▸ EXERCISE INPUT:
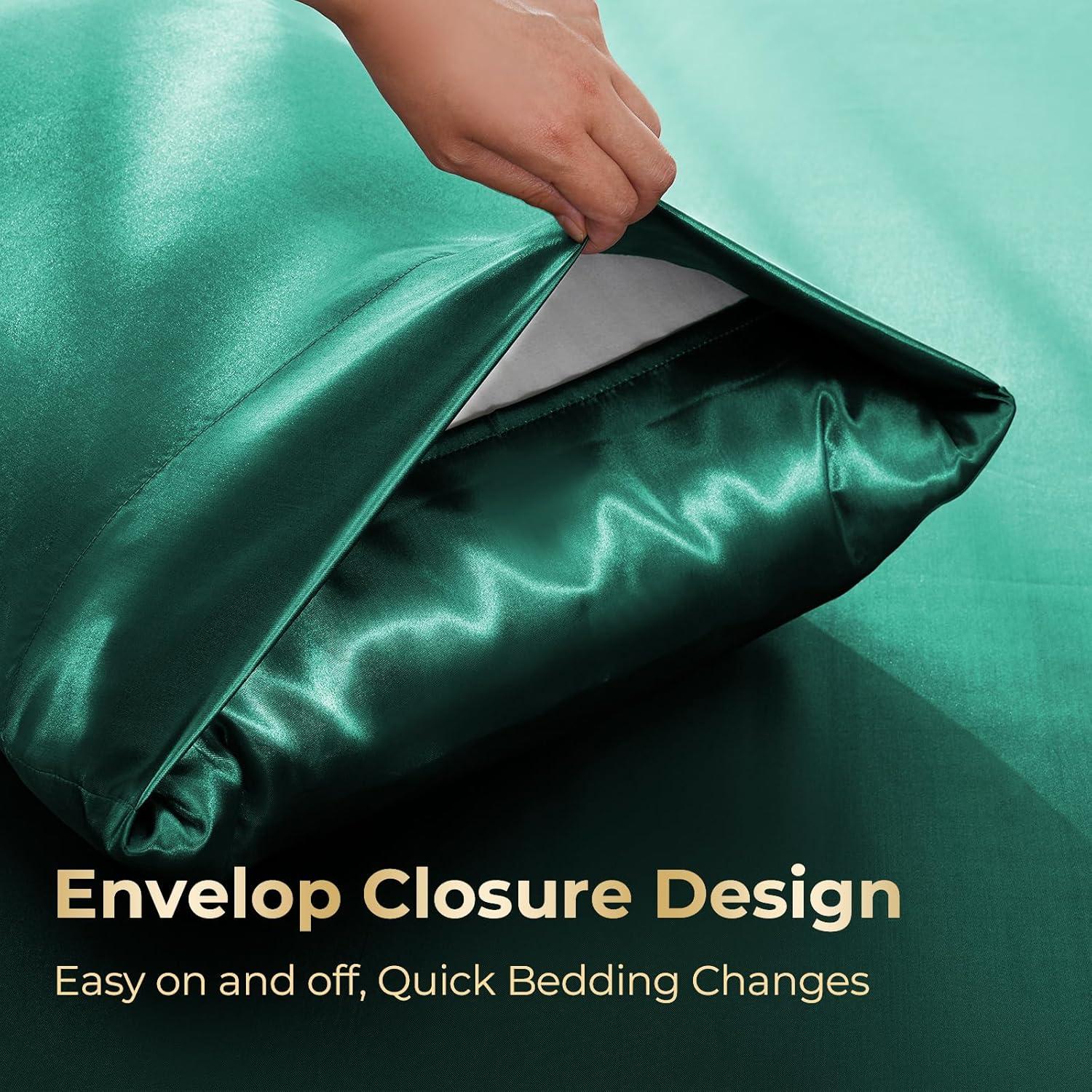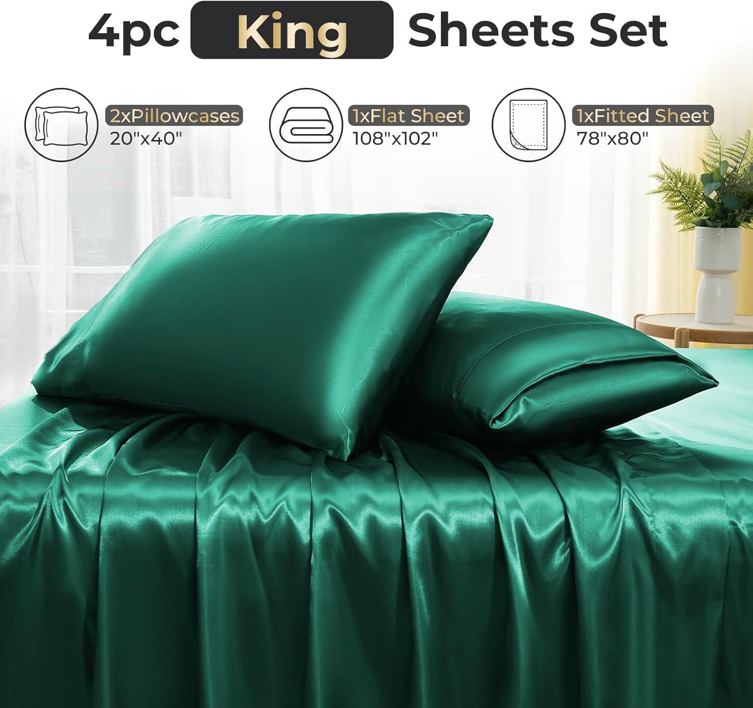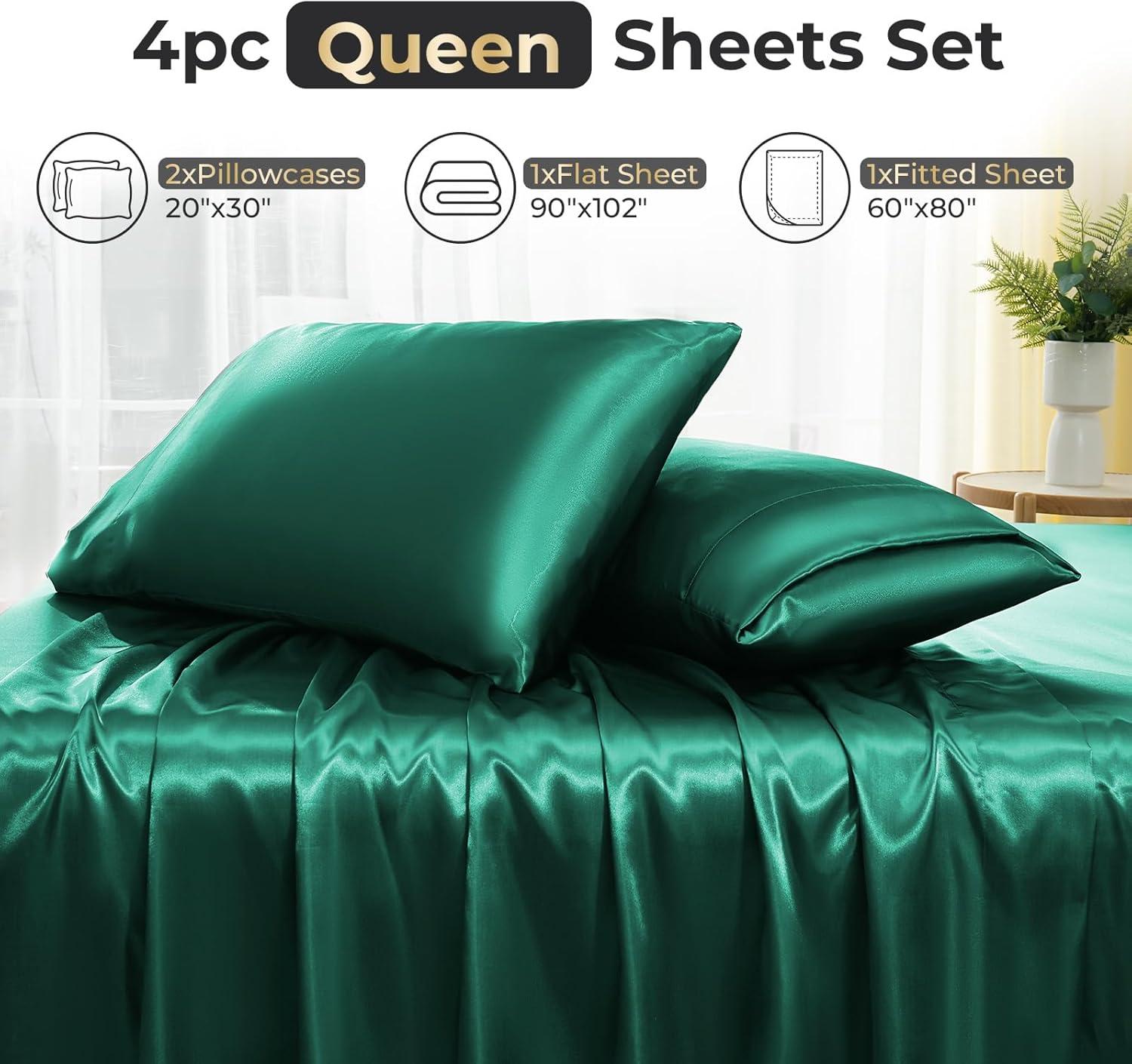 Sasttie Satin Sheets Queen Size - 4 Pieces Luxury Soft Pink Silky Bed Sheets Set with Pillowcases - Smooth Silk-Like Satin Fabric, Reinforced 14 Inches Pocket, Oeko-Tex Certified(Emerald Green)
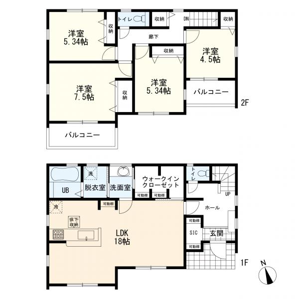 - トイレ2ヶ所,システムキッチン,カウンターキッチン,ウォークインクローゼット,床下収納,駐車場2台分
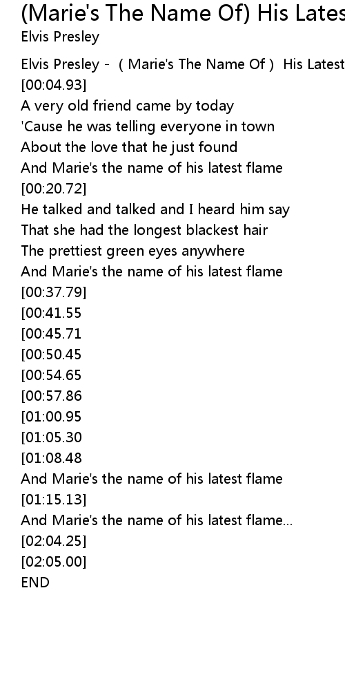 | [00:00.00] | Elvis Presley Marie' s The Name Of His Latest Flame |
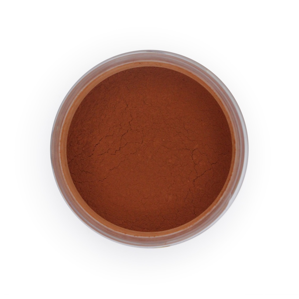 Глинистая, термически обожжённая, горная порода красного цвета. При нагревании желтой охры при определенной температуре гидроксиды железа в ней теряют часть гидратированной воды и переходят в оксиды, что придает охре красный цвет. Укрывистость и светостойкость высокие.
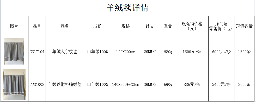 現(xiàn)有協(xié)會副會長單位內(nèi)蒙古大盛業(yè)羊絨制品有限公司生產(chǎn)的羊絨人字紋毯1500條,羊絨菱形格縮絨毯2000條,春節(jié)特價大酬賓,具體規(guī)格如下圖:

▸ TASK TO CARRY OUT:
With the pictures removed, print the entries above exactly.

▸ EXERCISE SOLUTION:
 Sasttie Satin Sheets Queen Size - 4 Pieces Luxury Soft Pink Silky Bed Sheets Set with Pillowcases - Smooth Silk-Like Satin Fabric, Reinforced 14 Inches Pocket, Oeko-Tex Certified(Emerald Green)
 - トイレ2ヶ所,システムキッチン,カウンターキッチン,ウォークインクローゼット,床下収納,駐車場2台分
 | [00:00.00] | Elvis Presley Marie' s The Name Of His Latest Flame |
 Глинистая, термически обожжённая, горная порода красного цвета. При нагревании желтой охры при определенной температуре гидроксиды железа в ней теряют часть гидратированной воды и переходят в оксиды, что придает охре красный цвет. Укрывистость и светостойкость высокие.
 現(xiàn)有協(xié)會副會長單位內(nèi)蒙古大盛業(yè)羊絨制品有限公司生產(chǎn)的羊絨人字紋毯1500條,羊絨菱形格縮絨毯2000條,春節(jié)特價大酬賓,具體規(guī)格如下圖:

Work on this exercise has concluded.